Data under study —

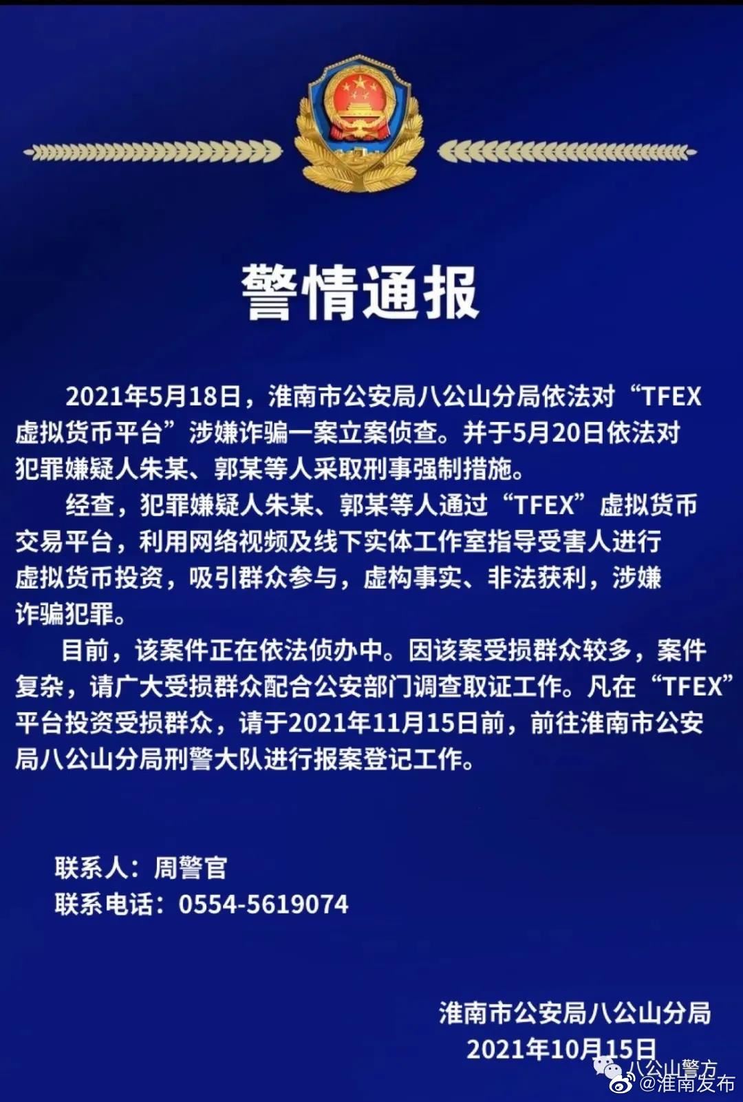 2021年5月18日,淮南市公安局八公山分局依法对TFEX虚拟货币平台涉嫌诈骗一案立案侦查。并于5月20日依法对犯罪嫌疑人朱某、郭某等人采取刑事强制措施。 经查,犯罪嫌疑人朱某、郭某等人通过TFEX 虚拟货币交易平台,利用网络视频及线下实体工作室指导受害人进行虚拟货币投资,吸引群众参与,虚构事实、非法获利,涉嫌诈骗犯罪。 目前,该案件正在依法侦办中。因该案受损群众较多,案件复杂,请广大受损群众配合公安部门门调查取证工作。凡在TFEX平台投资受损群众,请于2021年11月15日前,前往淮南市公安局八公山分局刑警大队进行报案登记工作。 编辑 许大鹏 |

--

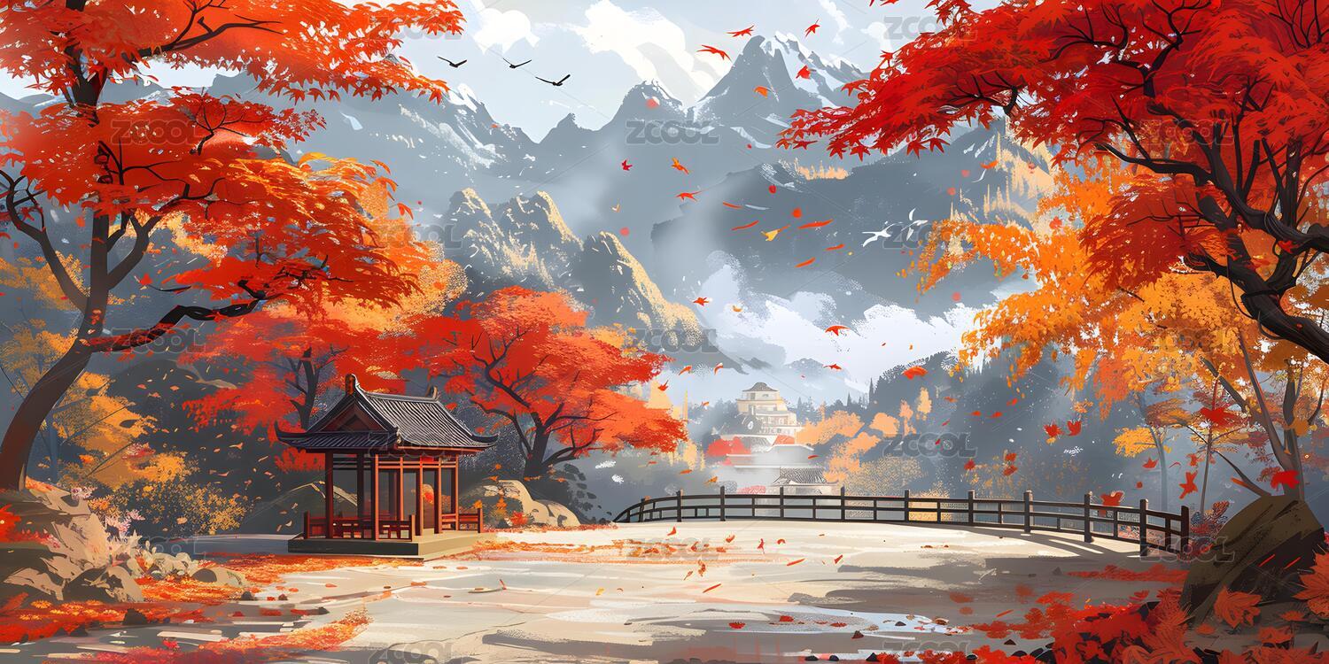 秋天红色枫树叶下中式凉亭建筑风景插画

--

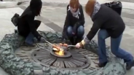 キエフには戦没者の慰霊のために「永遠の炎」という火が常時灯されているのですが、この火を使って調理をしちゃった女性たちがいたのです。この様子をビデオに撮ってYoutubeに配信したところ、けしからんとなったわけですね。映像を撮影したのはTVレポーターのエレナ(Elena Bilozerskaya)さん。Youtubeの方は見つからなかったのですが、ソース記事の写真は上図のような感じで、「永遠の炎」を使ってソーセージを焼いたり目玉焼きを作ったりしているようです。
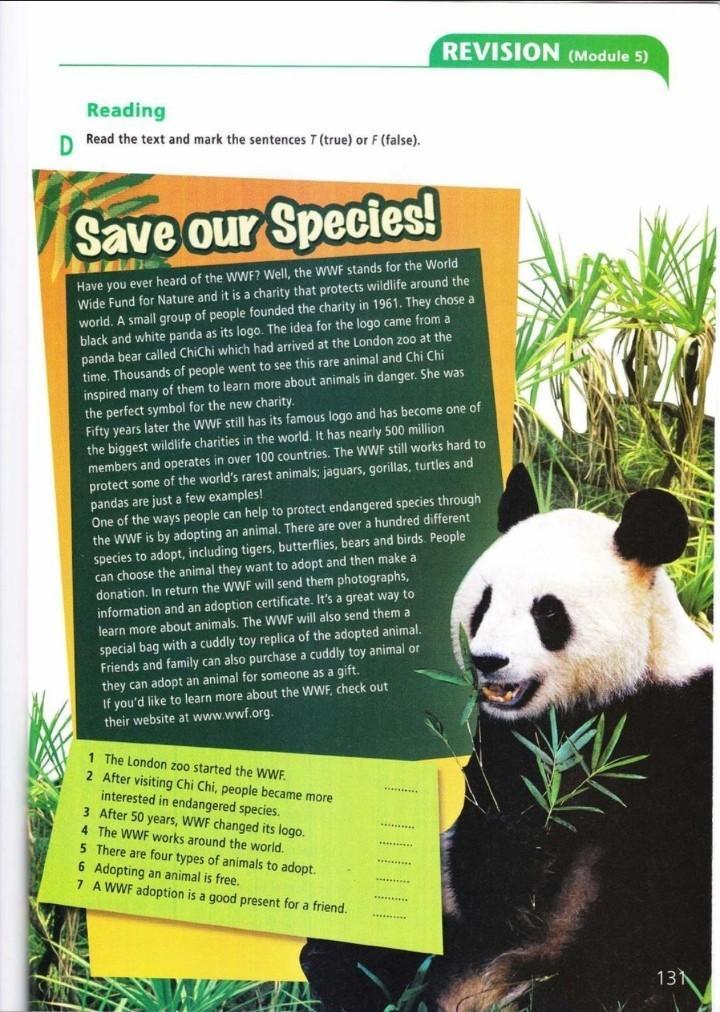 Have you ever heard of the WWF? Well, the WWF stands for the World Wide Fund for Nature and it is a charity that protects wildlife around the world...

Task to complete —
Give back exactly the lines above from the one with "キエフには戦没者の慰霊のため" through the one with "Have you ever", both included. Pictures don't belong in the copy.

Final answer —
 キエフには戦没者の慰霊のために「永遠の炎」という火が常時灯されているのですが、この火を使って調理をしちゃった女性たちがいたのです。この様子をビデオに撮ってYoutubeに配信したところ、けしからんとなったわけですね。映像を撮影したのはTVレポーターのエレナ(Elena Bilozerskaya)さん。Youtubeの方は見つからなかったのですが、ソース記事の写真は上図のような感じで、「永遠の炎」を使ってソーセージを焼いたり目玉焼きを作ったりしているようです。
 Have you ever heard of the WWF? Well, the WWF stands for the World Wide Fund for Nature and it is a charity that protects wildlife around the world...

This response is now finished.